### Supplied information

^^^^^^^^

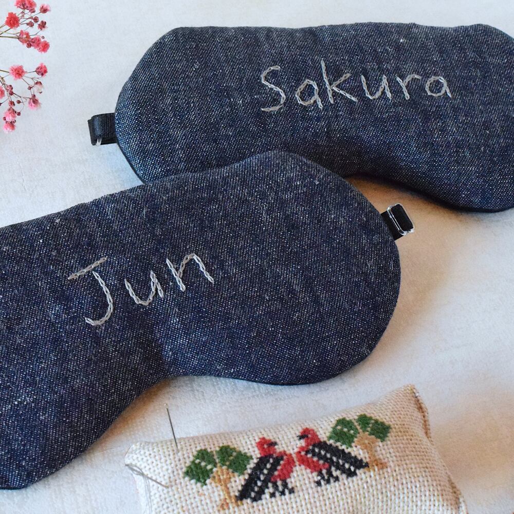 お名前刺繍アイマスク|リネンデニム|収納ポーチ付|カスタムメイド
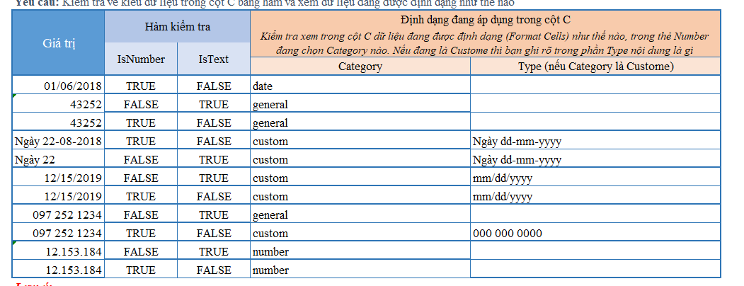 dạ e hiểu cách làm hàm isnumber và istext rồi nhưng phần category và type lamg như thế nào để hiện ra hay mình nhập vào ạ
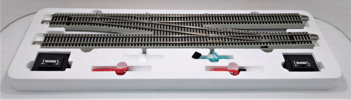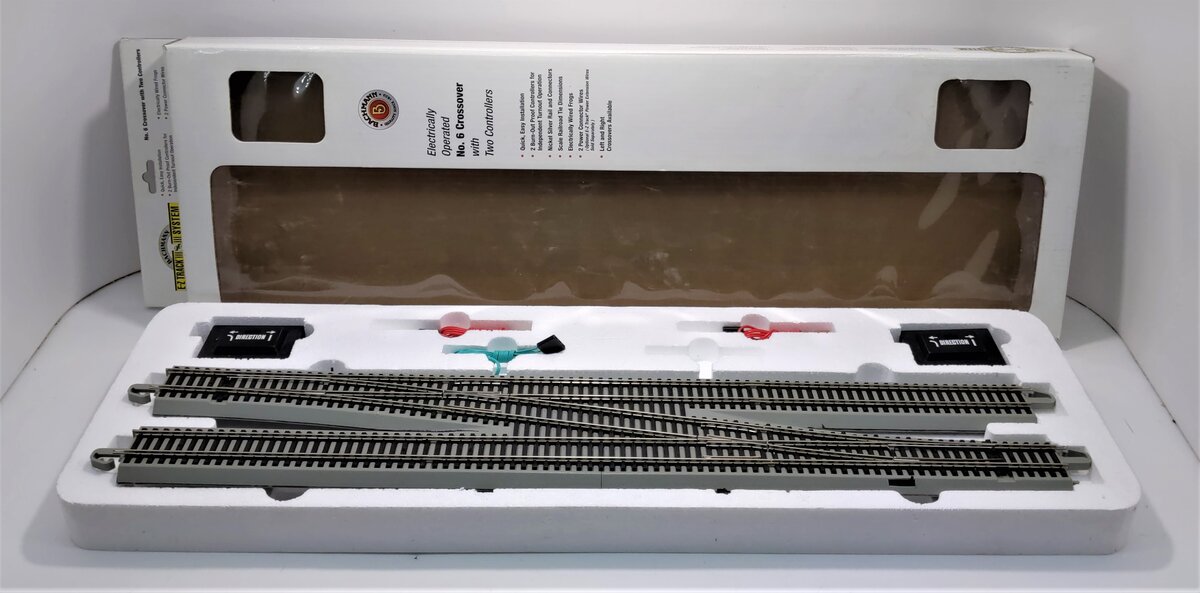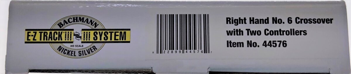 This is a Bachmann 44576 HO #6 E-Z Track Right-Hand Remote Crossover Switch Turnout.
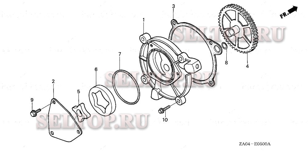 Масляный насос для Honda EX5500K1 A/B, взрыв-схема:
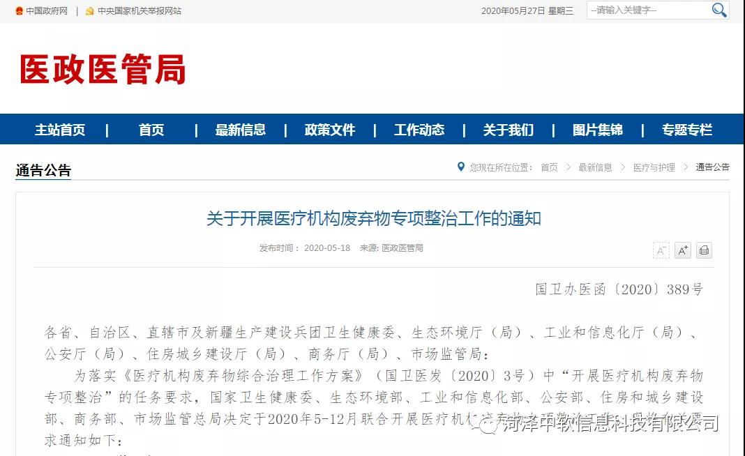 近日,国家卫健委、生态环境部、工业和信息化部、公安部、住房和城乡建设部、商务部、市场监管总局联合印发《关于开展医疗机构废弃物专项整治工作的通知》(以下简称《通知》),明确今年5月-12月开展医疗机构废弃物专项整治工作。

^^^^^^^^

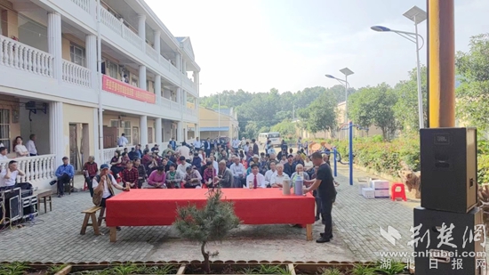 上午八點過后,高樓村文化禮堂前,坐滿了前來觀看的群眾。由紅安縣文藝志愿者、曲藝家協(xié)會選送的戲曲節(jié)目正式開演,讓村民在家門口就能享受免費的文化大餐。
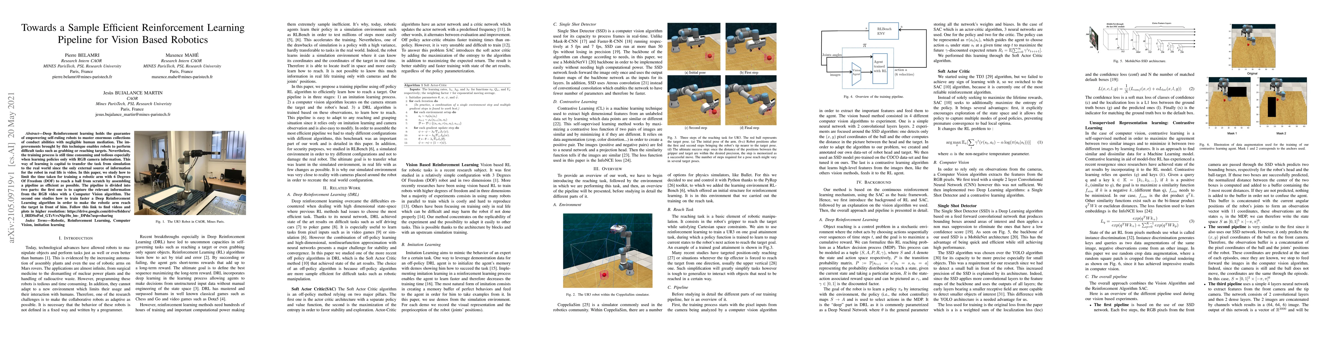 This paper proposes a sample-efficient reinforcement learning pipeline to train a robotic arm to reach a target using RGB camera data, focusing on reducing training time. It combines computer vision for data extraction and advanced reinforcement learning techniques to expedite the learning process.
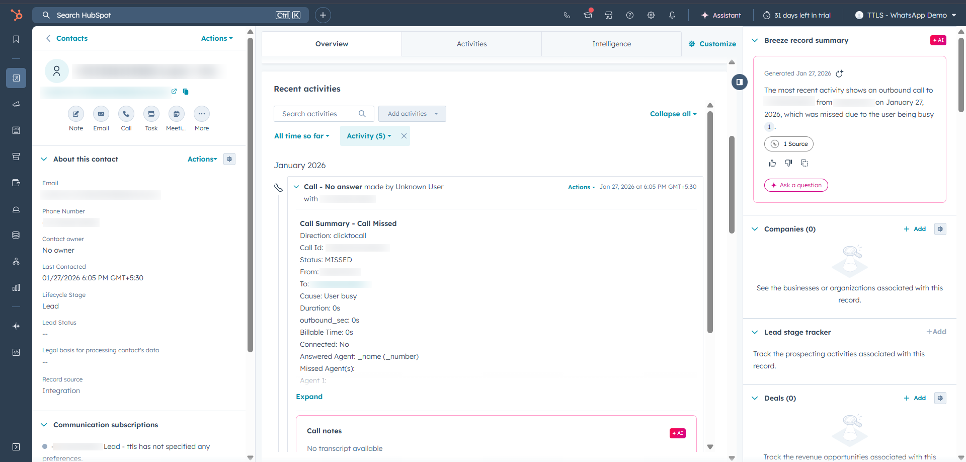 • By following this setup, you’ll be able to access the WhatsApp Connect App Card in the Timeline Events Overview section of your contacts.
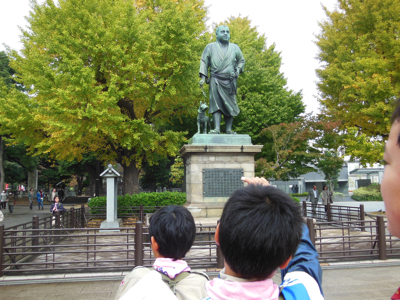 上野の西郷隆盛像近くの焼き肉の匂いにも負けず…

^^^^^^^^

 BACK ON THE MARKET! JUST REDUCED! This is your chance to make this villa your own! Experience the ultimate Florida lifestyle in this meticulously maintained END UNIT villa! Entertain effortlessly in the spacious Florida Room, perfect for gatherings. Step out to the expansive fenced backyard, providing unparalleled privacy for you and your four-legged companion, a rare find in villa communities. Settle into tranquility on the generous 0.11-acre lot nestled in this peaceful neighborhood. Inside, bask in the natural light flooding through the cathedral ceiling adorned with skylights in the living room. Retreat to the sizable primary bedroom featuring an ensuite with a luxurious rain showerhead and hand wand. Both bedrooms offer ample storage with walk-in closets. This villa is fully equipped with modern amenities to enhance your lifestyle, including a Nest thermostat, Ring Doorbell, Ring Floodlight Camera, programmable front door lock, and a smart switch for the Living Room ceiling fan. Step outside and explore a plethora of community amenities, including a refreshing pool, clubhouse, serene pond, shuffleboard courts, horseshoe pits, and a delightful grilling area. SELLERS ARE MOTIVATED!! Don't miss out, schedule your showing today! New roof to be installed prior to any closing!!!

^^^^^^^^

### Aim of the task
Drop the pictures; return the lines above from the line containing "お名前刺繍アイマスク|リネンデニム|収納ポーチ付|カスタムメイド" to the line containing "近日,国家卫健委、生态环境部", both included, exactly.

### Solution
 お名前刺繍アイマスク|リネンデニム|収納ポーチ付|カスタムメイド
 dạ e hiểu cách làm hàm isnumber và istext rồi nhưng phần category và type lamg như thế nào để hiện ra hay mình nhập vào ạ
 This is a Bachmann 44576 HO #6 E-Z Track Right-Hand Remote Crossover Switch Turnout.
 Масляный насос для Honda EX5500K1 A/B, взрыв-схема:
 近日,国家卫健委、生态环境部、工业和信息化部、公安部、住房和城乡建设部、商务部、市场监管总局联合印发《关于开展医疗机构废弃物专项整治工作的通知》(以下简称《通知》),明确今年5月-12月开展医疗机构废弃物专项整治工作。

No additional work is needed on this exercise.